# Taylor Series

• Nov 3rd 2010, 09:38 AM
blitze105
Taylor Series
Hello all,
Unfortunately I was absent during one of my classes this week when the professor covered Taylor Series. i have gone through the book and finished all of the first section of the homework. The second section, however, is not in my book... and I can't find it online.

If any one could help me find examples on these types of problems or simply point me in the right direction I would greatly appreciate it. I am NOT asking for answers.

1) Find an expression for the general term of each of the series below.
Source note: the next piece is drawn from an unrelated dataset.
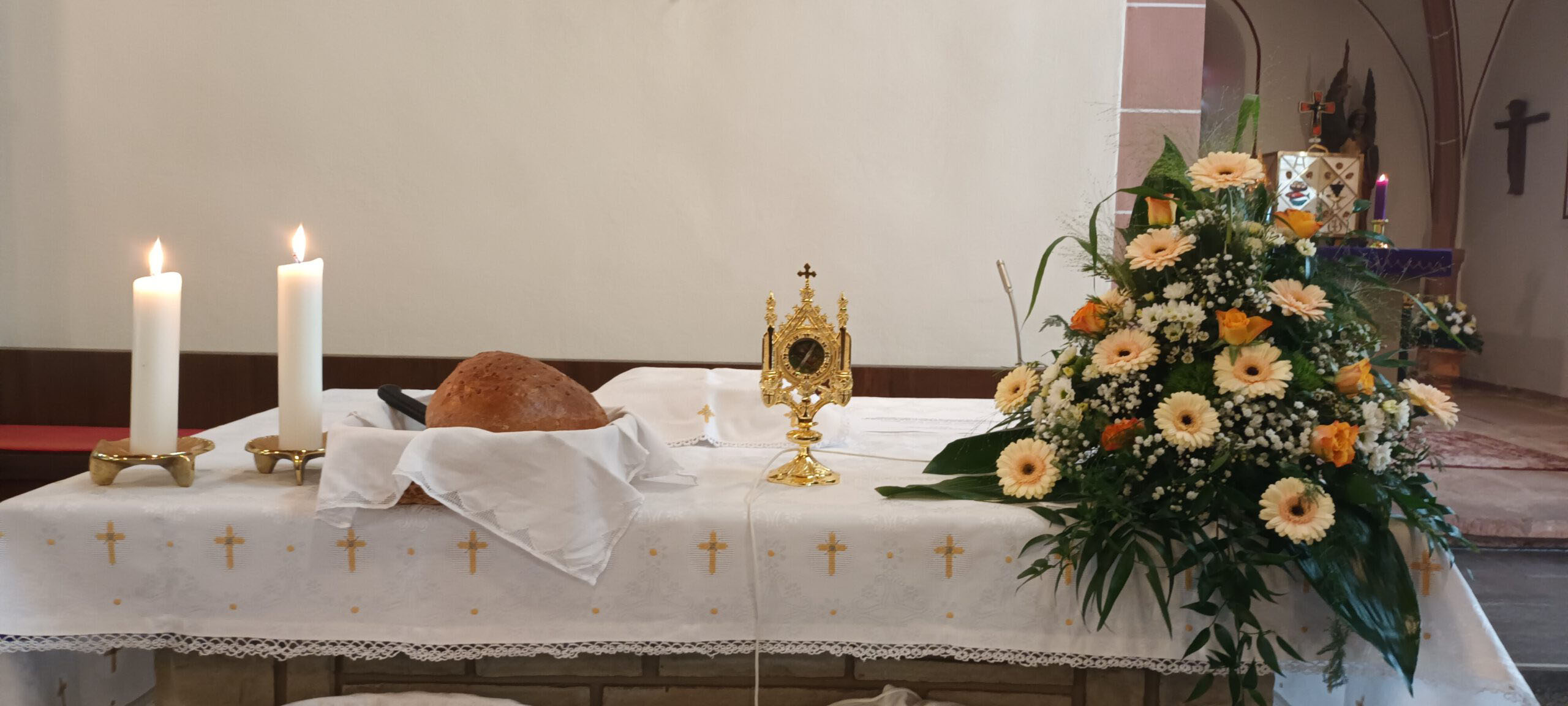 Nach einem festlichen Gottesdienst mit der traditionellen Brotsegnung durchgef�hrt von Herrn Pastor Peter Frey und gestaltet vom Kirchenchor und den Bl�sern Louisa Maas und Dominik Pinter, empfing die Besucher drau�en strahlender Sonnenschein.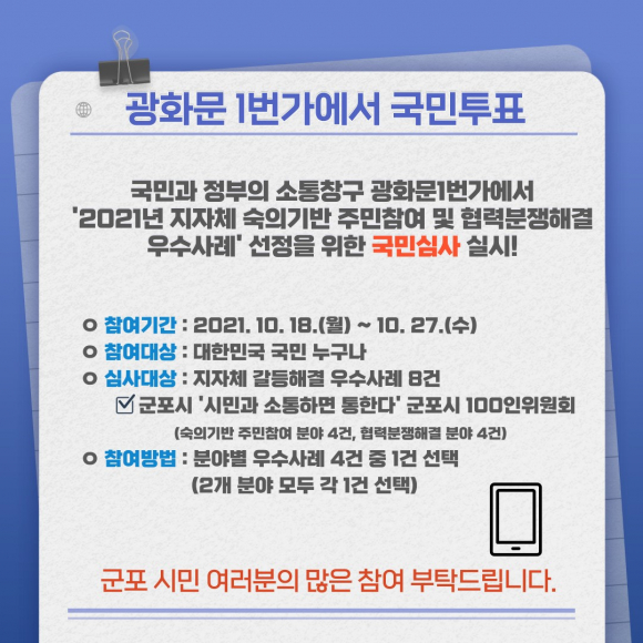 ±ºÆ÷½Ã´Â 10¿ù 20ÀÏ ÇàÁ¤¾ÈÀüºÎ ÁÖ°ü ¡®ÁöÀÚü ¼÷ÀDZâ¹Ý ÁÖ¹ÎÂü¿© ¹× Çù·Â¡¤ºÐÀïÇØ°á ¿ì¼ö»ç·Ê °æÁø´ëȸ¡¯ ¼÷ÀDZâ¹Ý ÁÖ¹ÎÂü¿© ºÐ¾ß¿¡¼, 100ÀÎ À§¿øÈ¸ÀÇ ¡®½Ã¹Î°ú ¼ÒÅëÇϸé ÅëÇÑ´Ù¡¯°¡ ÁöÀÚü 4°÷À¸·Î ¾ÐÃàµÈ ÃÖÁ¾ 4°¿¡ ÁøÃâÇß´Ù°í ¹àÇû´Ù. 4° ÁøÃâ ÁöÀÚü´Â ´ë±¸±¤¿ª½Ã¿Í ±ºÆ÷½Ã, ÀüÁÖ½Ã, ¿Ïµµ±ºÀ̸ç, ÀÌ·Î½á ±ºÆ÷½Ã´Â ÃÖ¼ÒÇÑ Àå·Á»óÀ» È®º¸Çß´Ù. À̾î 4° ÁöÀÚüµéÀ» »ó´ë·Î ±¹¹Î½É»ç°¡ ÁøÇàµÇ´Âµ¥, 10¿ù 27ÀϱîÁö ´ëÇѹα¹ ±¹¹Î ´©±¸³ª ±¤È¹®1¹ø°¡ ´©¸®Áý(www.gwanghwamoon1st.go.kr)¿¡ Á¢¼ÓÇØ ÅõÇ¥ÇÒ ¼ö ÀÖÀ¸¸ç, ÃÖÁ¾ ¹ßǥȸ´Â 10¿ù 29ÀÏ Çà¾ÈºÎ Á¦1º°°ü¿¡¼ ¿¸°´Ù. ÃÖÁ¾¹ßǥȸ¸¦ °ÅÃÄ ÃÖ¿ì¼ö»ó°ú ¿ì¼ö»ó, Àå·Á»ó 2°³ ÁöÀÚü°¡ È®Á¤µÈ´Ù. ±ºÆ÷½Ã 100ÀÎ À§¿øÈ¸ÀÇ ¡®½Ã¹Î°ú ¼ÒÅëÇϸé ÅëÇÑ´Ù¡¯´Â ÀÌÇØ´ç»çÀÚ¿Í ÁֹεéÀÇ ÀǰßÀ» ¼ö·ÅÇØ °¥µî ¿äÀÎÀ» »çÀü¿¡ Á¦°ÅÇÏ´Â µî, Âü¿©¹ÎÁÖÁÖÀÇÀÇ ÇÑ ¸ðµ¨ÀÎ ¼÷ÀǹÎÁÖÁÖÀǸ¦ Ȱ¿ëÇØ¼ Á¤Ã¥°áÁ¤°ú »ç¾÷ÃßÁø°úÁ¤¿¡ ´ç»çÀÚÀÇ ÀǰßÀ» Æø³Ð°Ô µè´Âµ¥ ÁÖ¾ÈÁ¡À» µÎ°í ÀÖ´Ù. ±ºÆ÷½Ã °ü°èÀÚ´Â ¡°ÁÖ¹ÎÂü¿©Çü ¼÷ÀDZâ¹Ý½Ã½ºÅÛ ±ºÆ÷½Ã 100ÀÎ À§¿øÈ¸¸¦ ÅëÇØ ½Ã¹Î¿ì¼± »ç¶÷Á᫐ ±ºÆ÷½ÃÀÇ Áֹμ¶±è ½ÃÁ¤ÀÌ ÁÁÀº ¼º°ú¸¦ °ÅµÑ ¼ö ÀÖµµ·Ï ½Ã¹Îµé°ú °ü½ÉÀÖ´Â ±¹¹ÎµéÀÇ ¸¹Àº ÀÀ¿øÀ» ¹Ù¶õ´Ù.¡±°í ¸»Çß´Ù. |

Use n as your index, and pick your general term so that the sum giving the series starts with n=0.

2)find the sum of each convergent series.

Attachment 19569

Sorry for the Image, I just think it looks cleaner and I dont know how to do the text formatting for the problems.
~Blitze
• Nov 3rd 2010, 01:12 PM
Opalg
Quote:

Originally Posted by blitze105
Hello all,
Unfortunately I was absent during one of my classes this week when the professor covered Taylor Series. i have gone through the book and finished all of the first section of the homework. The second section, however, is not in my book... and I can't find it online.

If any one could help me find examples on these types of problems or simply point me in the right direction I would greatly appreciate it. I am NOT asking for answers.

1) Find an expression for the general term of each of the series below. Use n as your index, and pick your general term so that the sum giving the series starts with n=0.

$x^4\sin x^2 = x^6 - \dfrac{x^{10}}{3!} + \dfrac{x^{14}}{5!} - \dfrac{x^{18}}{7!} +\ldots$

2)find the sum of each convergent series.

$1- \dfrac{2^2}{2!} +\dfrac{2^4}{4!} - \dfrac{2^6}{6!} + \ldots + \dfrac{(-1)^n2^{2n}}{(2n)!} + \ldots$

For 1), you are supposed to find an expression for the n'th term in the first series (in a similar style to the expression for the n'th term in the second series above). You may find it helpful to write down the first few terms of the series with their index numbers below them, like this:

$\begin{array}{rcrrrr}x^4\sin x^2 &= &x^6 &- \frac{x^{10}}{3!} &+ \frac{x^{14}}{5!} &- \frac{x^{18}}{7!} \\ (n&=&0&1&2&3)\end{array}$

First thing to notice is that the terms alternate in sign, so the n'th term will have to have a factor $(-1)^n$ in it. Then it has a power of x, starting at $x^6$ in the n=0 term, and going up by 4 at a time. So the n'th term will need a factor $x^{4n+6}$. Finally, there is a factorial in the denominator, starting with 1! in the n=0 term (although that doesn't explicitly appear there), and going up by 2 at a time. So the denominator in the n'th term should be $(2n+1)!$. Having done all that, you should be able to write down the formula for the n'th term (and check that it gives the right answers for n=1,2 and 3).

For problem 2), you are supposed to spot that this is the value of the series $1- \frac{x^2}{2!} +\frac{x^4}{4!} - \frac{x^6}{6!} + \ldots + \frac{(-1)^nx^{2n}}{(2n)!} + \ldots$ when x=2. You are also supposed to recognise this as the Taylor series for a familiar (trigonometric) function. That should enable you to write down the sum of the series.